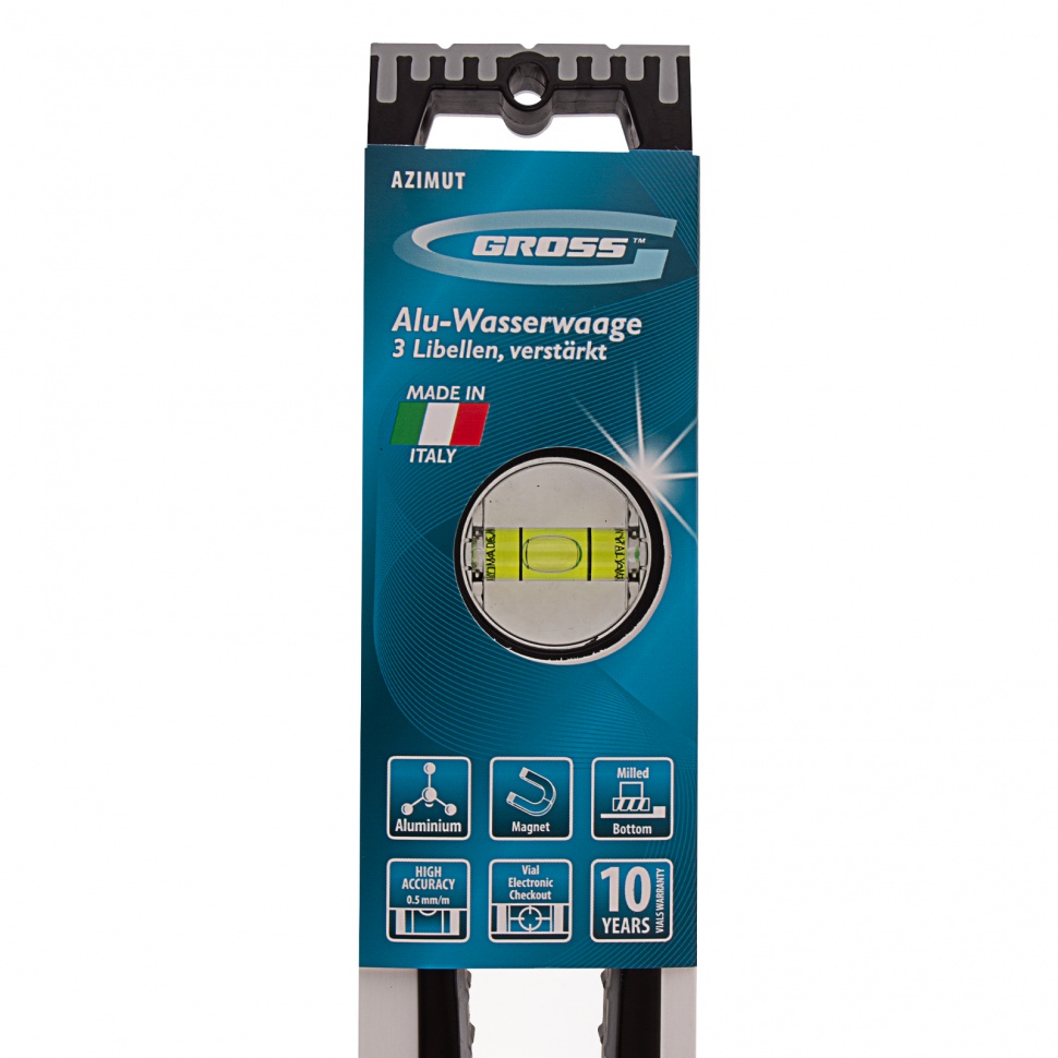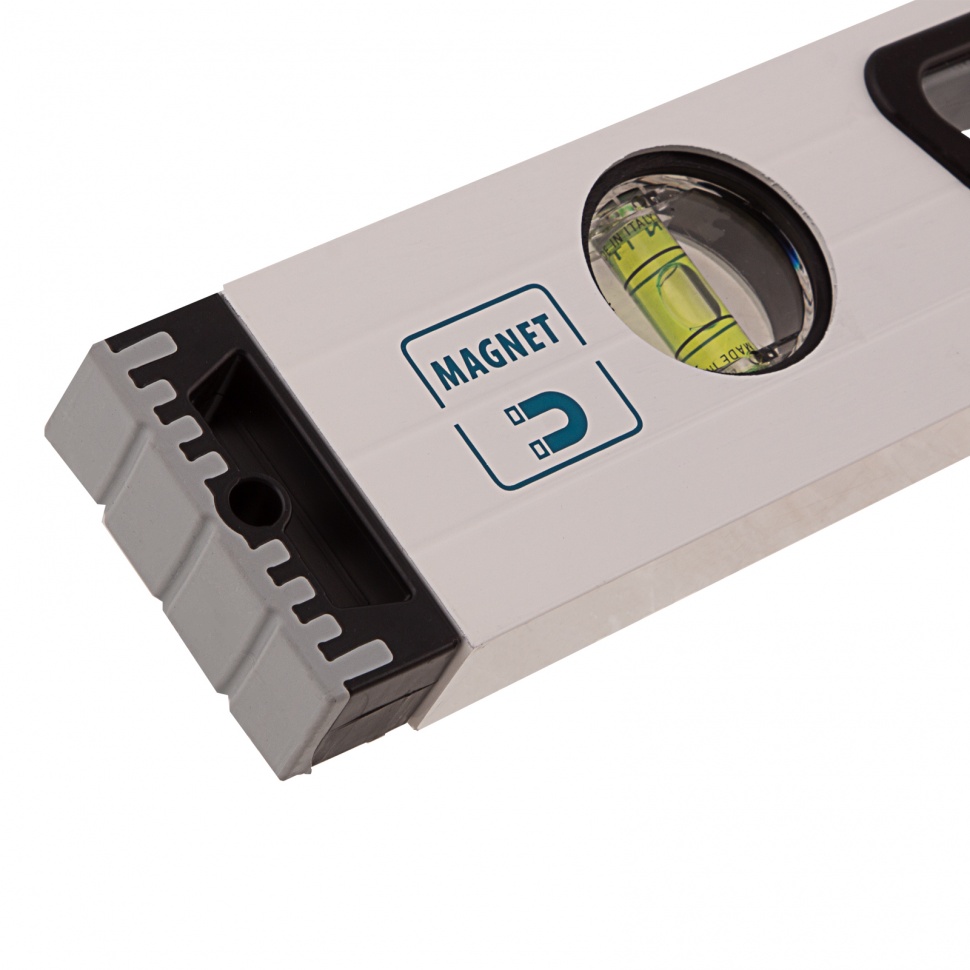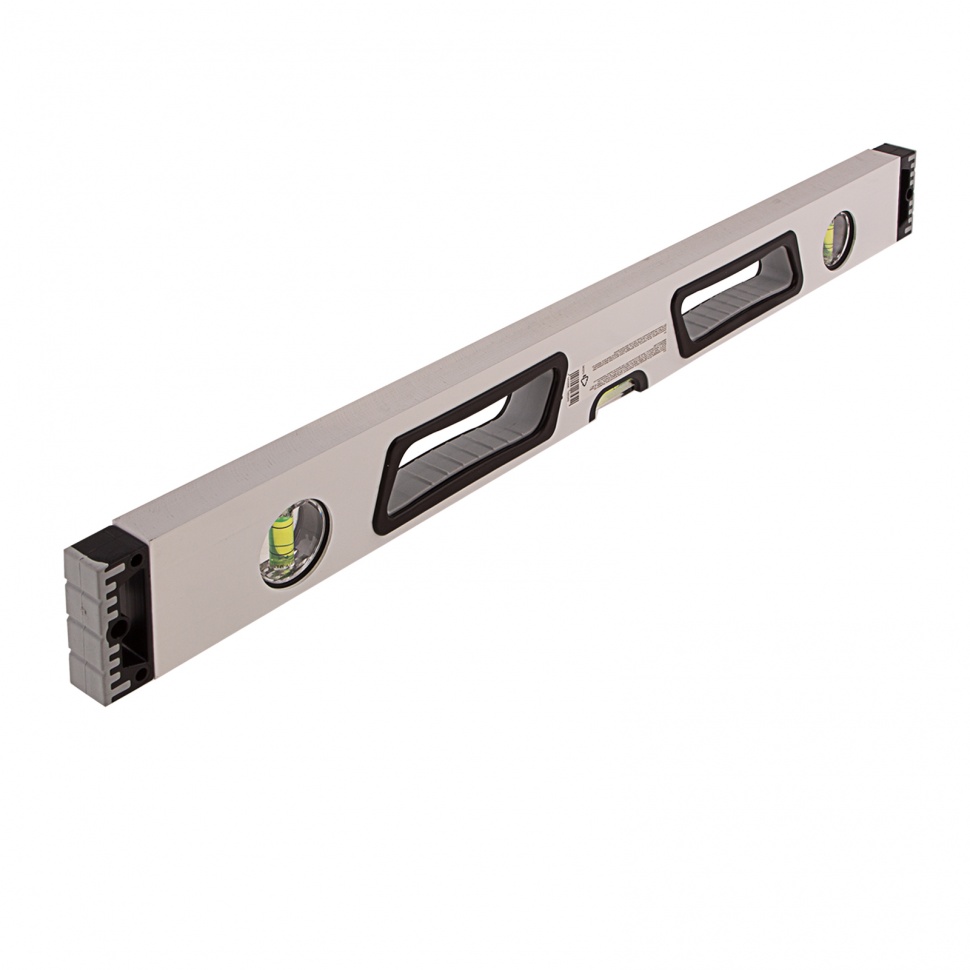 Усиленный алюминиевый уровень Gross 34370 длиной 600 мм, с рукоятками и 3 глазками, фрезерованный, магнитный, — это простой и универсальный инструмент для проверки горизонтали и вертикали. Благодаря качественному исполнению инструмент обеспечивает высокую точность работы.ПреимуществаПрочность — корпус инструмента изготовлен из алюминиевого профиля.Встроенные магниты — уровень удобно использовать при работе с металлическими поверхностями.Комфортная работа — для удобного захвата инструмента в корпусе предусмотрены рукоятки.Эффективная работа — электронная калибровка глазков уровня и фрезерованная рабочая поверхность повышают точность проводимых измерений.Надежность — обрезиненные торцевые заглушки амортизируют удары при падении инструмента с небольшой высоты, что снижает риск его повреждения.Для определения отклонения вертикали 90 градусов необходимо использовать пузырьковую ампулу только в верхнем положении уровня. Только базовая поверхность является рабочей (противоположная ампуле 180 градусов).
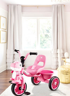 Tricycle for Kids, Baby Cycle with Light and Music, Kids Tricycle with Back Storage Basket & 3 Wheels, Kids Cycle Bike For 2 to 5 Years Boys Girls Pink
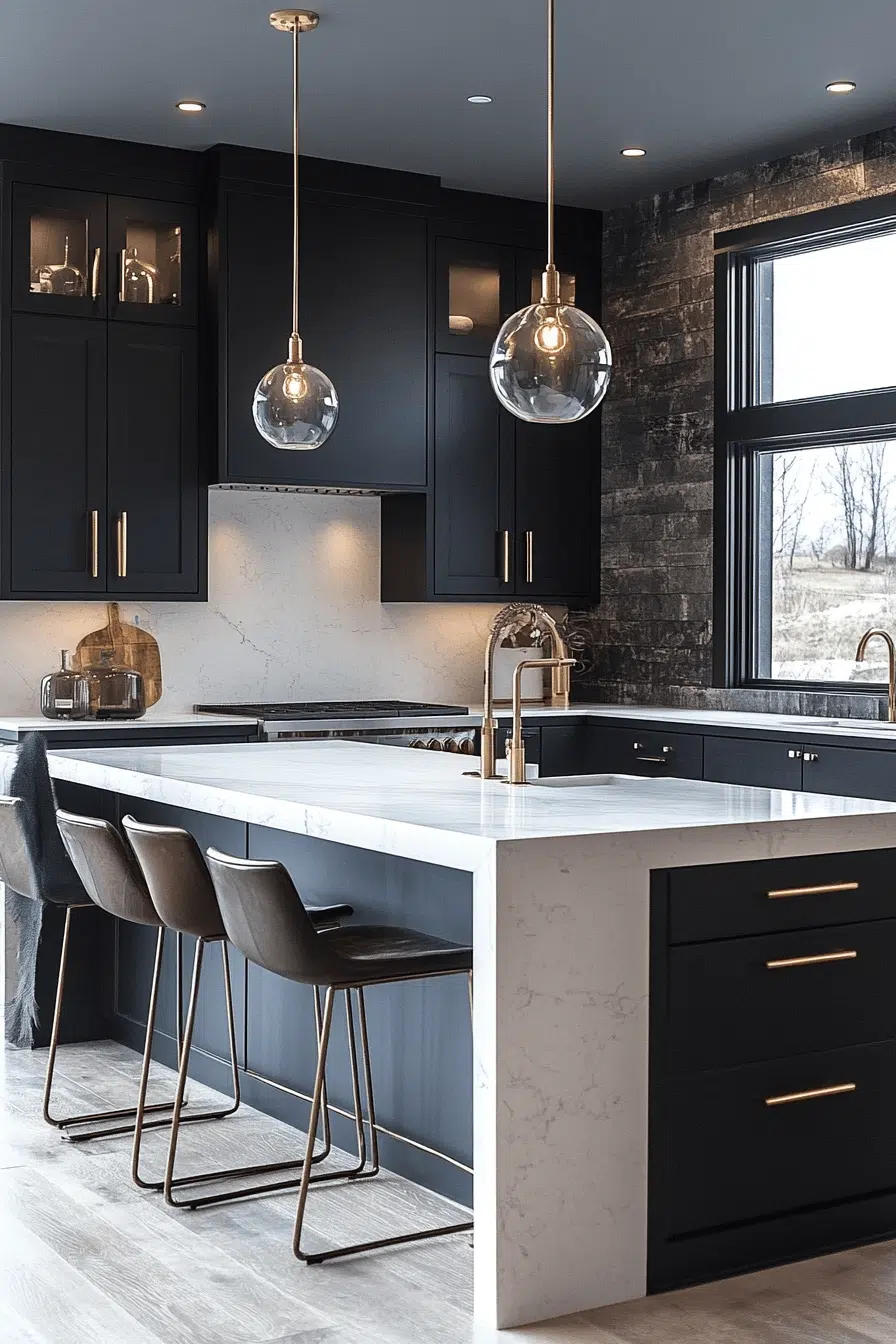 Bold contrast is energizing 2026 kitchen trends with striking architectural pairings. Dark cabinetry against pale stone creates dramatic depth. Clean slab fronts and minimal hardware maintain sharp precision. Thoughtful lighting softens intensity without diminishing impact. This approach resonates because it delivers statement style with modern clarity. Tap to embrace contrast with confidence.
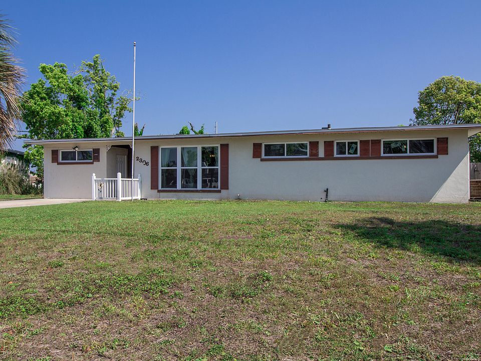 Check out this classic Florida cottage in the family oriented central neighborhood of Hentz. Perfect for a new young family who needs lots of space and bedrooms. This 2,156 square foot 4 bedroom home is built with CBS construction, has a new roof replaced in 2019, $5,000 of new plumbing, new double paned windows and doors in 2020 and a new master bath. Owner has fixed up the kitchen with unique distressed hardwood look on walls and timeless and stylish terrazzo floors in living room. There is a large backyard with firepit and great for the kids to play with large lot size of just under .3 acres. There is a bonus large Florida room that is under air as well as a converted garage into a possible extra bedroom. Close to shopping entertainment and beaches.
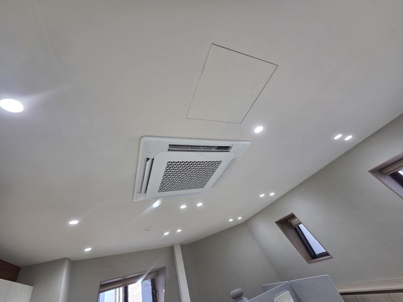 실내기는 인테리어 마감이 어느 정도 진행된 뒤, 천장 마감선과 위치를 맞추어 설치를 진행했습니다. 시스템 에어컨은 천장과의 수평이 정확해야 완성도가 높아 보이고, 마감선이 어긋나 보이지 않습니다.
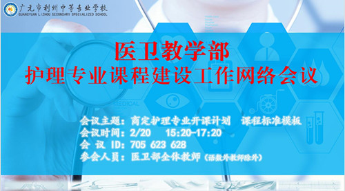 2月20日下午,医卫部召开了关于课程标准建设以及学期开课计划的相关线上会议。会议由部门张仲舒副主任主持,学校赵刚副校长、教务科郑敏科长、赵星圻副科长及全体护理专业课教师参加了会议。
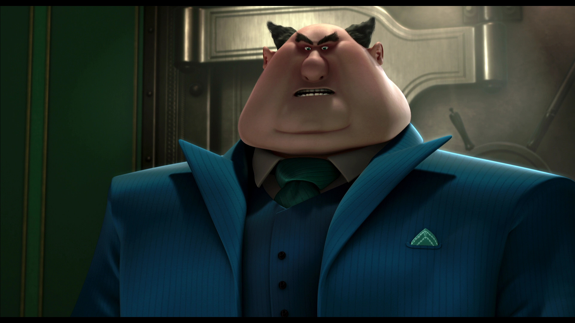 Очень здорово сделан глава Банка Зла - Перкинс. Монументальный мужчина с треугольной головой и малюсенькими, близко посаженными глазенками - образ очень классный!
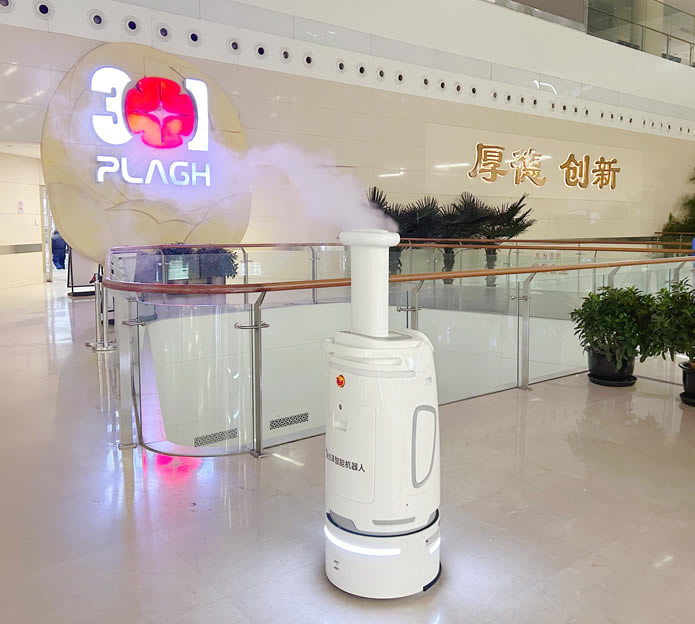 在中國人民解放軍總醫院D一醫學中心的門診大廳里,創澤智能消毒機器人頭D噴霧在醫院門診大廳走來走去進行全域消毒殺菌,實現消毒效果量化管理
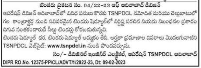 contractors of TSNPDCL for various works at Operation Division Adilabad as per the
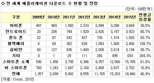 실제로 많은 시장 조사기관들은 2015년 경이면 안드로이드와 아이폰 진영의 앱스토어 규모도 역전될 것으로 내다보고 있다. 대표적인 것이 오범(Ovum)이다.
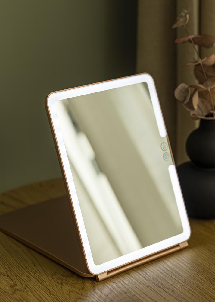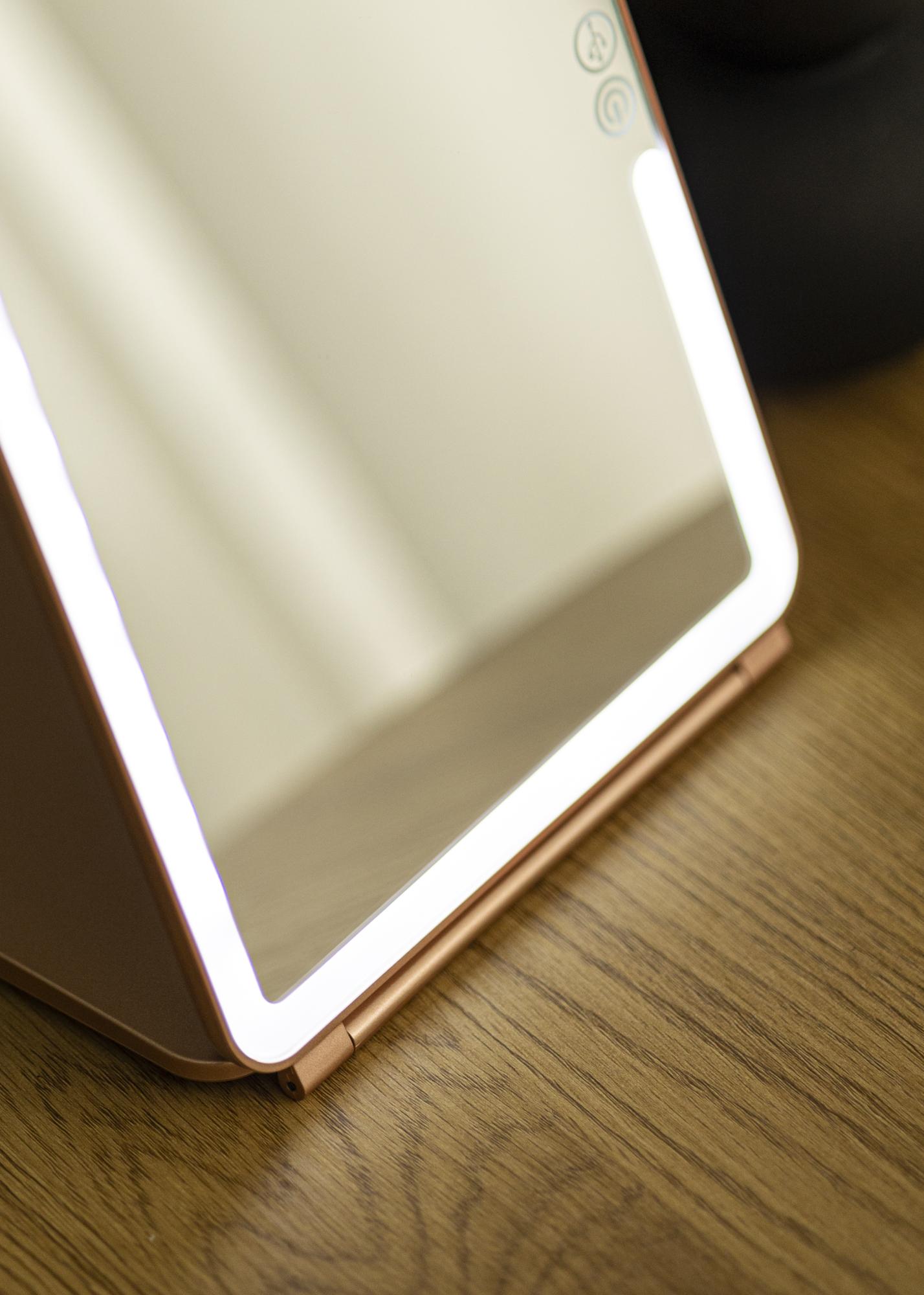 To je ogledalo za ličenje, ki je popolno za uporabo na poti, zahvaljujoč svojemu kompaktni obliki, zložljivemu dizajnu in vgrajeni LED-osvetlitvi. Ima moderno odtenek v rose zlatu. Ogledalo za ličenje se zlahka prilega v vašo torbo, tako za vsak dan kot ko potujete. Zložljiv dizajn ščiti površino ogledala pred praskami in umazanijo ter vam omogoča prilagoditev ogledala v želeni položaj. Ogledalo je opremljeno z običajnim ogledalnim steklom in dvema manjšima ogledalnima površinama; eno s 5x povečanjem in eno s 3x povečanjem.
■ ■ ■ ■ ■
*Required work*. Skip the pictures and reproduce all remaining entries exactly.

*Answer box*.
 Усиленный алюминиевый уровень Gross 34370 длиной 600 мм, с рукоятками и 3 глазками, фрезерованный, магнитный, — это простой и универсальный инструмент для проверки горизонтали и вертикали. Благодаря качественному исполнению инструмент обеспечивает высокую точность работы.ПреимуществаПрочность — корпус инструмента изготовлен из алюминиевого профиля.Встроенные магниты — уровень удобно использовать при работе с металлическими поверхностями.Комфортная работа — для удобного захвата инструмента в корпусе предусмотрены рукоятки.Эффективная работа — электронная калибровка глазков уровня и фрезерованная рабочая поверхность повышают точность проводимых измерений.Надежность — обрезиненные торцевые заглушки амортизируют удары при падении инструмента с небольшой высоты, что снижает риск его повреждения.Для определения отклонения вертикали 90 градусов необходимо использовать пузырьковую ампулу только в верхнем положении уровня. Только базовая поверхность является рабочей (противоположная ампуле 180 градусов).
 Tricycle for Kids, Baby Cycle with Light and Music, Kids Tricycle with Back Storage Basket & 3 Wheels, Kids Cycle Bike For 2 to 5 Years Boys Girls Pink
 Bold contrast is energizing 2026 kitchen trends with striking architectural pairings. Dark cabinetry against pale stone creates dramatic depth. Clean slab fronts and minimal hardware maintain sharp precision. Thoughtful lighting softens intensity without diminishing impact. This approach resonates because it delivers statement style with modern clarity. Tap to embrace contrast with confidence.
 Check out this classic Florida cottage in the family oriented central neighborhood of Hentz. Perfect for a new young family who needs lots of space and bedrooms. This 2,156 square foot 4 bedroom home is built with CBS construction, has a new roof replaced in 2019, $5,000 of new plumbing, new double paned windows and doors in 2020 and a new master bath. Owner has fixed up the kitchen with unique distressed hardwood look on walls and timeless and stylish terrazzo floors in living room. There is a large backyard with firepit and great for the kids to play with large lot size of just under .3 acres. There is a bonus large Florida room that is under air as well as a converted garage into a possible extra bedroom. Close to shopping entertainment and beaches.
 실내기는 인테리어 마감이 어느 정도 진행된 뒤, 천장 마감선과 위치를 맞추어 설치를 진행했습니다. 시스템 에어컨은 천장과의 수평이 정확해야 완성도가 높아 보이고, 마감선이 어긋나 보이지 않습니다.
 2月20日下午,医卫部召开了关于课程标准建设以及学期开课计划的相关线上会议。会议由部门张仲舒副主任主持,学校赵刚副校长、教务科郑敏科长、赵星圻副科长及全体护理专业课教师参加了会议。
 Очень здорово сделан глава Банка Зла - Перкинс. Монументальный мужчина с треугольной головой и малюсенькими, близко посаженными глазенками - образ очень классный!
 在中國人民解放軍總醫院D一醫學中心的門診大廳里,創澤智能消毒機器人頭D噴霧在醫院門診大廳走來走去進行全域消毒殺菌,實現消毒效果量化管理
 contractors of TSNPDCL for various works at Operation Division Adilabad as per the
 실제로 많은 시장 조사기관들은 2015년 경이면 안드로이드와 아이폰 진영의 앱스토어 규모도 역전될 것으로 내다보고 있다. 대표적인 것이 오범(Ovum)이다.
 To je ogledalo za ličenje, ki je popolno za uporabo na poti, zahvaljujoč svojemu kompaktni obliki, zložljivemu dizajnu in vgrajeni LED-osvetlitvi. Ima moderno odtenek v rose zlatu. Ogledalo za ličenje se zlahka prilega v vašo torbo, tako za vsak dan kot ko potujete. Zložljiv dizajn ščiti površino ogledala pred praskami in umazanijo ter vam omogoča prilagoditev ogledala v želeni položaj. Ogledalo je opremljeno z običajnim ogledalnim steklom in dvema manjšima ogledalnima površinama; eno s 5x povečanjem in eno s 3x povečanjem.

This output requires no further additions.